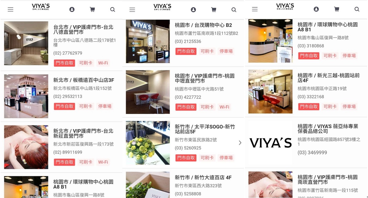目前於北台灣共有11處「VIYA’S 薇亞絲」銷售點,台北市與新北新莊 各有一間直營門市
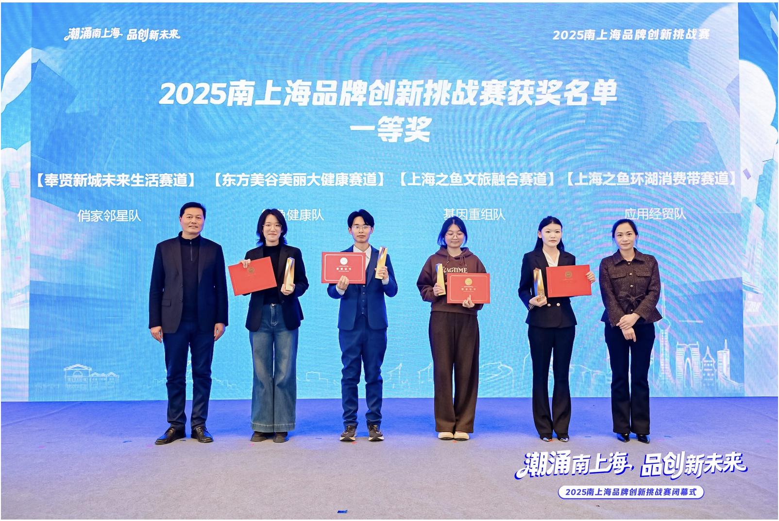记者了解到,本次品牌创新挑战赛由金海街道联合奉贤区工商联、现代服务业发展办公室等部门共同发起,旨在深入对接教育链、创新链与产业链,以青年创意赋能企业发展。赛事聚焦企业品牌经营发展痛难点,通过“政府搭台—企业出题—高校答题”的模式,设置奉贤新城未来生活赛道、东方美谷美丽大健康赛道、上海之鱼环湖消费带赛道、上海之鱼文旅融合赛道四大赛道,吸引12所院校的164支团队报名参赛,参赛选手均为“00后”,甚至不乏“05后”。从赛前集训、方案策划到实战运营,最终40支队伍经专家评审进入复赛,于去年12月完成决赛路演。闭幕式上,决赛成绩正式揭晓,高校代表上台领奖。
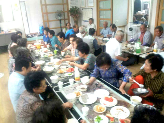 김태식 회장은 이날 회원 68명과 함께 삼계탕을 시식한 뒤 양말 등 선물을 전달하기도 했다.
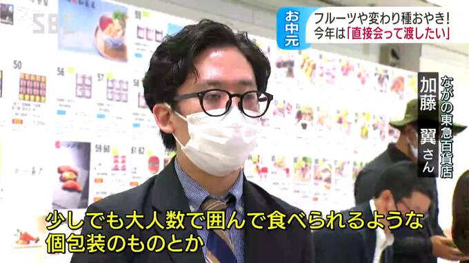 今年はコロナも落ち着き、お中元を直接会って渡したり、家族全員で集まったりできるようになったことから、店では大勢で一緒に食べられるものを勧めています。

++++++++

WORK REQUIRED: To complete the exercise, return the listing above exactly and omit its pictures.

TASK ANSWER:
目前於北台灣共有11處「VIYA’S 薇亞絲」銷售點,台北市與新北新莊 各有一間直營門市
记者了解到,本次品牌创新挑战赛由金海街道联合奉贤区工商联、现代服务业发展办公室等部门共同发起,旨在深入对接教育链、创新链与产业链,以青年创意赋能企业发展。赛事聚焦企业品牌经营发展痛难点,通过“政府搭台—企业出题—高校答题”的模式,设置奉贤新城未来生活赛道、东方美谷美丽大健康赛道、上海之鱼环湖消费带赛道、上海之鱼文旅融合赛道四大赛道,吸引12所院校的164支团队报名参赛,参赛选手均为“00后”,甚至不乏“05后”。从赛前集训、方案策划到实战运营,最终40支队伍经专家评审进入复赛,于去年12月完成决赛路演。闭幕式上,决赛成绩正式揭晓,高校代表上台领奖。
 김태식 회장은 이날 회원 68명과 함께 삼계탕을 시식한 뒤 양말 등 선물을 전달하기도 했다.
 今年はコロナも落ち着き、お中元を直接会って渡したり、家族全員で集まったりできるようになったことから、店では大勢で一緒に食べられるものを勧めています。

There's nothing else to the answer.